The problem: Each line below is to be copied exactly; images do not go into the copy.

(Collected material begins)

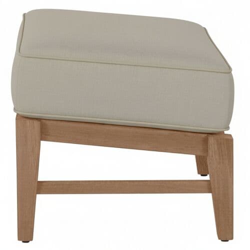This adaptable outdoor ottoman improves your exterior living area. Made from marine-grade teak, it boasts a subtly slanted, slatted surface with a natural finish highlighting its grain beauty. The foam-and-fiber cushion is encased in Sunbrella fabric, which is simple to maintain, solution-dyed, and resistant to color fading, mold, and soil.
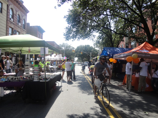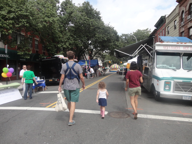Despite the threats of heavy rain and two tornadoes, the afternoon of September 8th, 2012 was perfect weather for holding the 2012 Annual Columbia Waterfront Fall Festival. Families with children and various members of the community came out after the weather has cleared. Everyone enjoyed an afternoon of food from various local restaurants and vendors, shopping from merchants and local stores, and listening to jazz music from the Columbia Waterfront Quartet and blues from the Union Band. Kids had fun with the rides and the free tennis lessons from the South Brooklyn Tennis Association. Downstate Long Island College Hospital provided free health screenings to the general public during the event. Our elected officials, State Senator Daniel Squadron, Assemblywoman Joan Millman, and Council Member Brad Lander showed support for the event and greeted the community. The 4th Annual Columbia Waterfront Fall Festival was hosted by Carroll Gardens Association, Inc. in partnership with the Columbia Waterfront District Merchants Association. This year’s sponsors included Apple Bank, Ascot Properties NYC, Jabus Building Corporation, TD Bank, Downstate Long Island College Hospital and Carpingo. Donors included Ramon Cartasano of Cartasano J. Brown LLC, Mr. Boris Baranov of Prudential Life Insurance, Mr. Paul DiAgostino of the House of Pizza and Calzone, and the Red Hook Star-Revue.
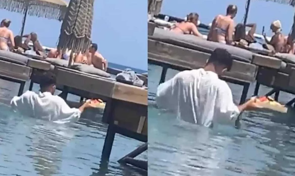 Ο ιδιοκτήτης επιχειρώντας να διασκεδάσει τις εντυπώσεις, υποστήριξε ότι ο σερβιτόρος πήρε την πρωτοβουλία να μεταφέρει την παραγγελία στις πλωτές ξαπλώστρες και μάλιστα τα έβαλε και με το ύψος του.
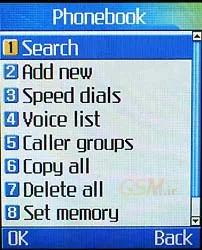 شما قادر به ذخیره حداکثر 255 ورودی (نام) به شرط پنج فیلد برای هر نام (3 شماره تلفن ، 1 آدرس (E-mail ) و یک نوشته کوتاه ) در حافظه داخلی گوشی می باشید ، همچنین می توانید هر یک از آن ها را در یکی از گروه های تماس قرار داده و یک عکس برای آن ها انتخاب نمایید تا در هنگام برقراری مکالمه نام او در کنار عکس مشخص شده قرار بگیرد .

(Collected material ends)

Answer below:
This adaptable outdoor ottoman improves your exterior living area. Made from marine-grade teak, it boasts a subtly slanted, slatted surface with a natural finish highlighting its grain beauty. The foam-and-fiber cushion is encased in Sunbrella fabric, which is simple to maintain, solution-dyed, and resistant to color fading, mold, and soil.
Despite the threats of heavy rain and two tornadoes, the afternoon of September 8th, 2012 was perfect weather for holding the 2012 Annual Columbia Waterfront Fall Festival. Families with children and various members of the community came out after the weather has cleared. Everyone enjoyed an afternoon of food from various local restaurants and vendors, shopping from merchants and local stores, and listening to jazz music from the Columbia Waterfront Quartet and blues from the Union Band. Kids had fun with the rides and the free tennis lessons from the South Brooklyn Tennis Association. Downstate Long Island College Hospital provided free health screenings to the general public during the event. Our elected officials, State Senator Daniel Squadron, Assemblywoman Joan Millman, and Council Member Brad Lander showed support for the event and greeted the community. The 4th Annual Columbia Waterfront Fall Festival was hosted by Carroll Gardens Association, Inc. in partnership with the Columbia Waterfront District Merchants Association. This year’s sponsors included Apple Bank, Ascot Properties NYC, Jabus Building Corporation, TD Bank, Downstate Long Island College Hospital and Carpingo. Donors included Ramon Cartasano of Cartasano J. Brown LLC, Mr. Boris Baranov of Prudential Life Insurance, Mr. Paul DiAgostino of the House of Pizza and Calzone, and the Red Hook Star-Revue.
 Ο ιδιοκτήτης επιχειρώντας να διασκεδάσει τις εντυπώσεις, υποστήριξε ότι ο σερβιτόρος πήρε την πρωτοβουλία να μεταφέρει την παραγγελία στις πλωτές ξαπλώστρες και μάλιστα τα έβαλε και με το ύψος του.
 شما قادر به ذخیره حداکثر 255 ورودی (نام) به شرط پنج فیلد برای هر نام (3 شماره تلفن ، 1 آدرس (E-mail ) و یک نوشته کوتاه ) در حافظه داخلی گوشی می باشید ، همچنین می توانید هر یک از آن ها را در یکی از گروه های تماس قرار داده و یک عکس برای آن ها انتخاب نمایید تا در هنگام برقراری مکالمه نام او در کنار عکس مشخص شده قرار بگیرد .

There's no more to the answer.